▶ **BRIEF**
Every line from the one containing "気をつけたいのが「配当への実" to the end of the records below should be returned exactly; pictures are to be dropped.

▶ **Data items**
○ ○ ○ ○ ○ ○ ○
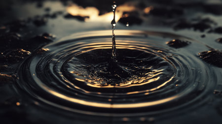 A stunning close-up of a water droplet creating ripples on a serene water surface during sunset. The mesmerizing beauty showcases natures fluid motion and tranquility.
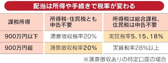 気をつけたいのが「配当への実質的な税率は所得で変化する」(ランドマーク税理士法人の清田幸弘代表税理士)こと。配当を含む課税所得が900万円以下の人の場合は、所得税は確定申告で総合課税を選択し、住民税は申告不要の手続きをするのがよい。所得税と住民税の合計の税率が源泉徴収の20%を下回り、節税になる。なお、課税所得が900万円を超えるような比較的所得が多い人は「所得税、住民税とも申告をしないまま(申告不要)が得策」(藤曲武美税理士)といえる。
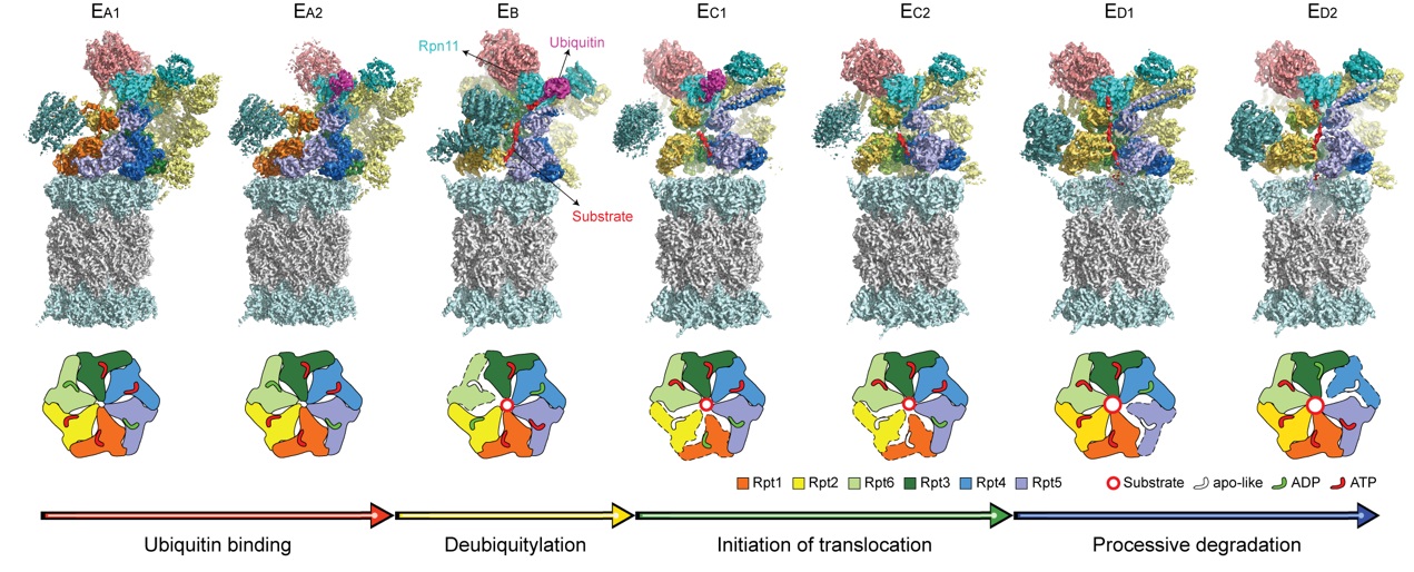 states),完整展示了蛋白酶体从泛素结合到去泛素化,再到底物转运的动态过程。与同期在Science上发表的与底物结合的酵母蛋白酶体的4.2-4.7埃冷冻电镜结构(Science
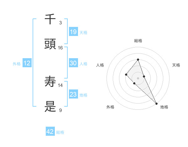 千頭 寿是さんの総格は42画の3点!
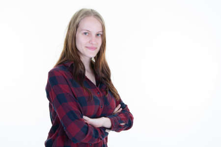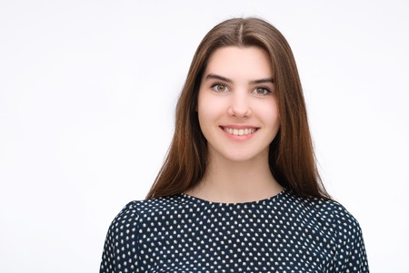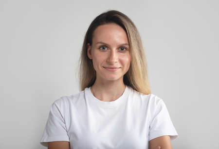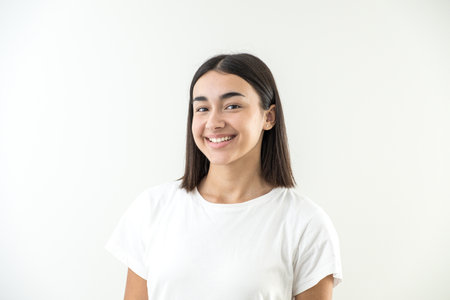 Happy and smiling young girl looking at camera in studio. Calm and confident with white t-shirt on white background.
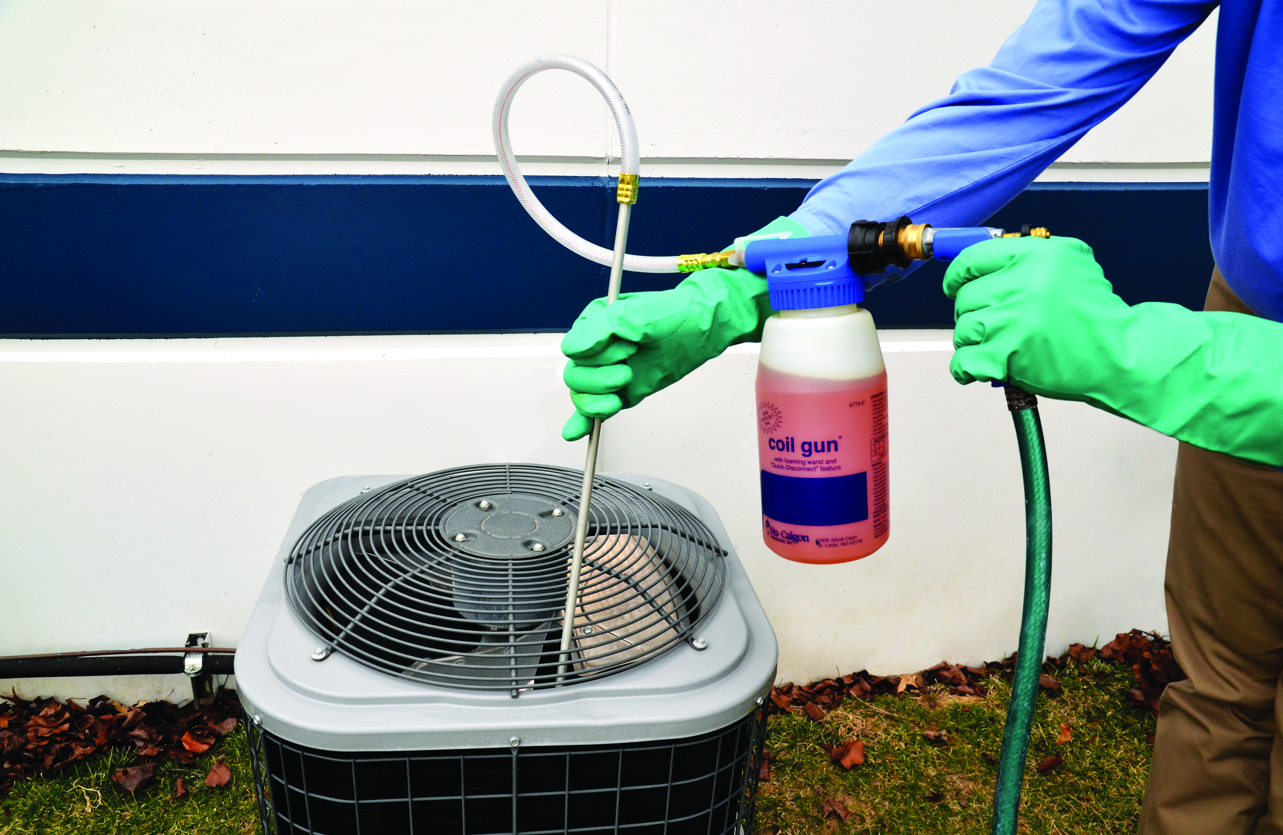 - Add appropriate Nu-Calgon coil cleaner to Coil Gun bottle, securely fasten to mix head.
○ ○ ○ ○ ○ ○ ○
▶ **RESPONSE AREA**
 気をつけたいのが「配当への実質的な税率は所得で変化する」(ランドマーク税理士法人の清田幸弘代表税理士)こと。配当を含む課税所得が900万円以下の人の場合は、所得税は確定申告で総合課税を選択し、住民税は申告不要の手続きをするのがよい。所得税と住民税の合計の税率が源泉徴収の20%を下回り、節税になる。なお、課税所得が900万円を超えるような比較的所得が多い人は「所得税、住民税とも申告をしないまま(申告不要)が得策」(藤曲武美税理士)といえる。
 states),完整展示了蛋白酶体从泛素结合到去泛素化,再到底物转运的动态过程。与同期在Science上发表的与底物结合的酵母蛋白酶体的4.2-4.7埃冷冻电镜结构(Science
 千頭 寿是さんの総格は42画の3点!
 Happy and smiling young girl looking at camera in studio. Calm and confident with white t-shirt on white background.
 - Add appropriate Nu-Calgon coil cleaner to Coil Gun bottle, securely fasten to mix head.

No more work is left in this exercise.